▶ Problem
All of the data below should come back exactly as written, minus its images.

▶ Dataset content
----

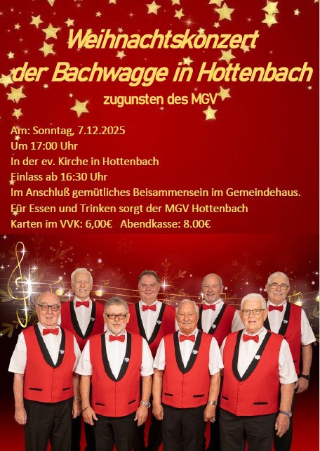 Karten zu unserem Weihnachtskonzert können sie direkt in Hottenbach bestellen unter: janinebartz@web.de
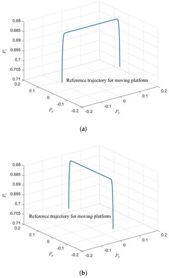 Reference trajectories of moving platform used for identification of the dynamic analytic model and model validation. (a) Reference trajectory for model parameter identification. (b) Reference trajectory for model validation.
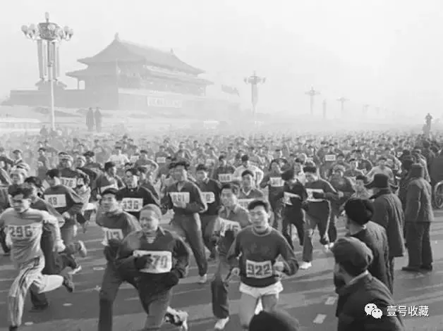 ▼ 1960年1月30日,一年一度的北京春节环城赛跑,人们从天安门广场开始跑起。
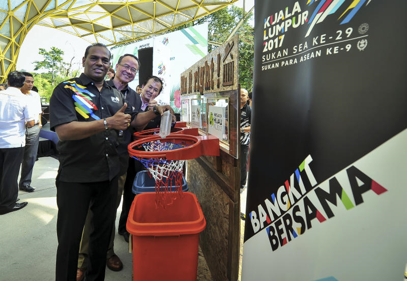 Timbalan Menteri Belia dan Sukan Datuk M Saravanan (kiri) meletakkan pembungkus makanan ke dalam tong sampah kitar semula bagi menyempurnakan program "Bin It Right" pada Majlis Pelancaran Inisiatif Hijau KL2017 di Taman Botani Perdana, baru-baru ini. Turut hadir Ketua Pegawai Eksekutif Jawatankuasa Pengelola Malaysia (MASOC) Datuk Seri Zolkeples Embong (dua, kiri) dan Pengerusi Kumpulan SCGM Berhad, Datuk Seri Lee Hock Seng (tiga, kiri).

----

▶ Exercise result
 Karten zu unserem Weihnachtskonzert können sie direkt in Hottenbach bestellen unter: janinebartz@web.de
 Reference trajectories of moving platform used for identification of the dynamic analytic model and model validation. (a) Reference trajectory for model parameter identification. (b) Reference trajectory for model validation.
 ▼ 1960年1月30日,一年一度的北京春节环城赛跑,人们从天安门广场开始跑起。
 Timbalan Menteri Belia dan Sukan Datuk M Saravanan (kiri) meletakkan pembungkus makanan ke dalam tong sampah kitar semula bagi menyempurnakan program "Bin It Right" pada Majlis Pelancaran Inisiatif Hijau KL2017 di Taman Botani Perdana, baru-baru ini. Turut hadir Ketua Pegawai Eksekutif Jawatankuasa Pengelola Malaysia (MASOC) Datuk Seri Zolkeples Embong (dua, kiri) dan Pengerusi Kumpulan SCGM Berhad, Datuk Seri Lee Hock Seng (tiga, kiri).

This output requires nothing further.